Happy ReadingSetelah operasi yang dijalani Nami, Levin semakin posesif kepadanya. Bahkan bergerak sedikit saja membuat Levin langsung menghampirinya dan memberikan sederet pertanyaan.
Perlahan kondisinya sudah membaik. Kandungnya juga tidak apa-apa. Hanya saja tetap ia diminta untuk istirahat total karena kandungannya masih rentang dan bekas operasinya membuatnya tidak boleh beraktivitas seperti biasa.
“Kamu ingin sesuatu?” tanya Levin ke sekian kalinya kepada Nami. Bibir Nami tersenyum geli.
“Aku tidak ingin sesuatu. Bisakah kamu berhenti beratanya. Aku sampai hafal dengan pertanyaanmu,” ujarnya membuat Levin tersenyum malu. Dia hanya terlalu mencintai wanitanya.
Ngomong-ngomong soal donor ginjal yang istrinya dapatkan, Levin belum tahu. Rea menyembunyikannya. Enggang menjawab dan untuk itu Levin hanya menitip ucapan terima kasih.
Andai ia tahu siapa yang memberikan ginjalnya, masihkah sikapnya sama kepada Heize? Pemikirannya telah mendarah daging tentang kejam dan jahatnya Heize.
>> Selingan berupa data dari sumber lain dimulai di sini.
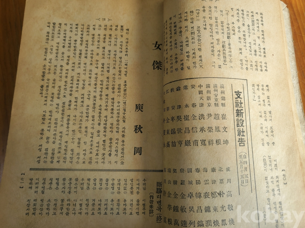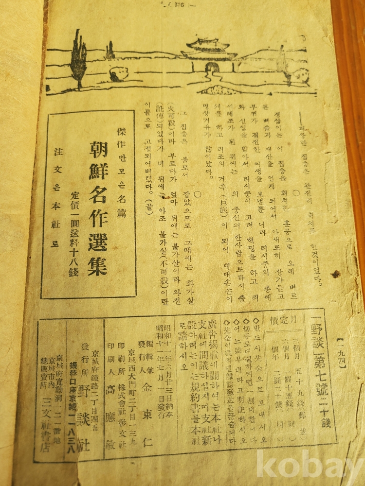 야담 7호(2권 7호), 야담사, 1936년 7월호, 194쪽, 한글 표기, 상태 중(앞뒤 표지와 목차 일부 낙장), 사진 참조
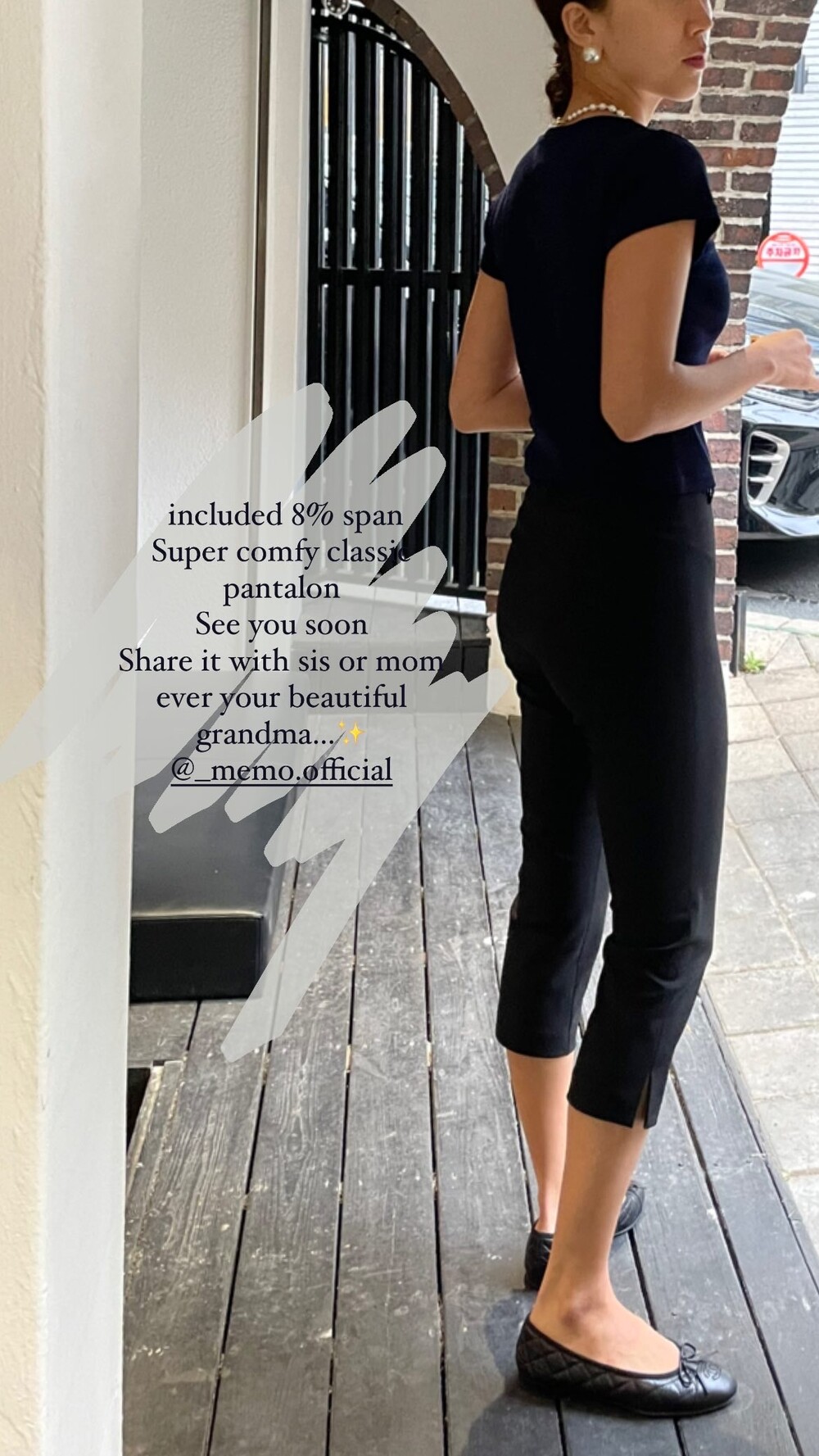 영화 속 오드리햅번처럼 타이트한 슬랙스를 입고도 우아하게 자전거를 탈 수 있음 해서 스판 혼용률이 아주 낭낭한 소재로 초이스했습니다. 형태변형 방지를 위한 후가공 작업도 추가했으니 지나친 늘어남이나 수축은 걱정하지 않으셔도 될 듯해요.
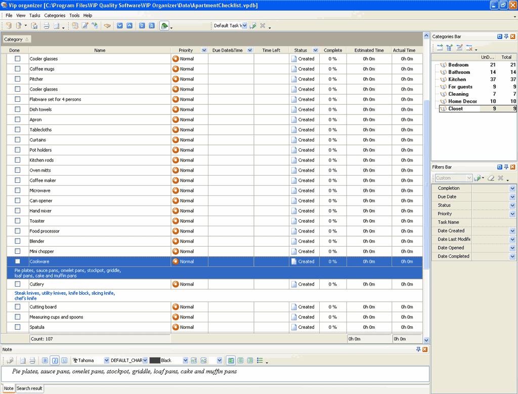 Apartment checklist is a 'to do list' template that will help you to inspect the apartment you are going to move in. Use this Apartment template to look into each corner of the apartment and find out all existing defects or non-operated equipment.
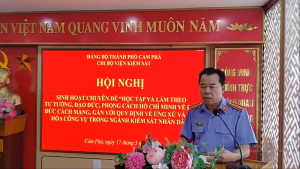 Hướng tới kỷ niệm 134 năm ngày sinh nhật Bác (19/5/1890 – 19/5/2024), ngày 17/5/2024, Chi bộ Viện kiểm sát nhân dân thành phố Cẩm Phả tổ chức sinh hoạt chuyên đề học tập và làm theo tư tưởng, đạo đức, phong cách Hồ Chí Minh, gắn với quy định về ứng xử và văn hóa công vụ trong ngành Kiểm sát nhân dân, với sự tham gia của toàn thể đảng viên, quần chúng trong chi bộ.
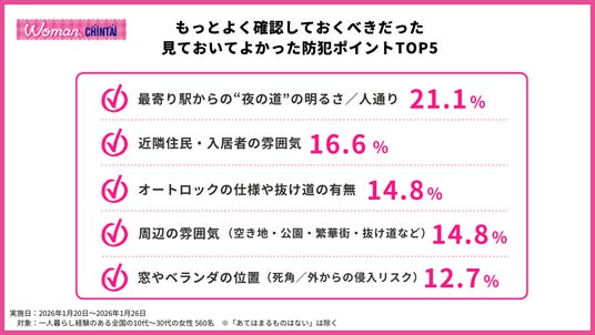 一人暮らしの際に「もっと確認すべきだった点」「見ておいてよかった」と思う防犯ポイントについて尋ねたところ、「最寄り駅からの“夜の道”の明るさ/人通り」(21.1%)が最も多く挙げられました。次いで「近隣住民・入居者の雰囲気」(16.6%)や「オートロックの仕様や抜け道の有無」(14.8%)などが続き、物件設備だけでなく周辺環境や建物の状況を事前に確認する重要性がうかがえます。

Di tempat lain Heize sedang terbaring di bangkasnya. Ditemani oleh Dokter Tio. Mereka berbincang-bincang karena Rea belum pulang. Ada jadwal pemotretan membuat model cantik itu harus meninggalkan Heize.
“Sejak kapan kamu menikmati dirimu menjadi pelakor?” Akhirnya pertanyaan itu keluar dari bibir dokter Tio. Kecewa mendengar dari mulut Heize sendiri menjadi istri kedua dari pria yang tidak mencintainya.
Heize tertawa pelan dan meringis karena perutnya terguncang. Membuat bekas operasinya terasa nyeri. Matanya tidak menutup sorot terluka.
“Aku melakukan semua karena ada alasan. Alasanku pun tidak perlu kamu tahu. Bukan inginku menjadi orang kedua. Takdir seolah membawaku untuk bertemu dengannya dan terikat dalam pernikahan yang tak diinginkan.” Sudut matanya berair. Pedih mengingat pernikahannya. Selama menikah hanya ada siksaan yang ia dapatkan dari Levin.
Dokte Tio mengusap sudut mata Heize. Tidak tega melihat Dokter manis itu menangis. Di Rumah Sakit Heize terlihat tertawa tanpa beban. Bermain dengan anak kecil yang sedang sakit. Menghibur keluarga pasien yang sedang dilanda rasa cemas tinggi.
Bahkan ia pernah ikut ke rumah duka. Bagi Heize setiap pasiennya harus ia selamatkan. Walau kenyataannya ia pun sadar jika kesembuhan hanya kehendak Tuhan.
“Apakah kamu yang menangani Nami?” tanyanya. Dokter Tio mengangguk.
“Apakah dia baik-baik saja?” tanyanya. Ia tahu betul kondisi Nami kritis. Jawaban Dokter Tio membuatnya lega meski hanya bertahan sesaat. Karena selanjutnya dia merasakan oksigen di sekitarnya menipis.
“Sejauh ini baik. Kamu tahu, ia menderita gagal ginjal sejak lama. Ditambah dengan kondisinya yang tengah berbadan dua. Dia harus menjaga dirinya sebaik mungkin,” ujar Dokter Tio sambil menerawang jauh. Semua bisa fatal jika Nami teledor sedikit saja.
“Tangani dia sebaik mungkin,” pinta Heize. Matanya menatap Dokter Tio penuh harap.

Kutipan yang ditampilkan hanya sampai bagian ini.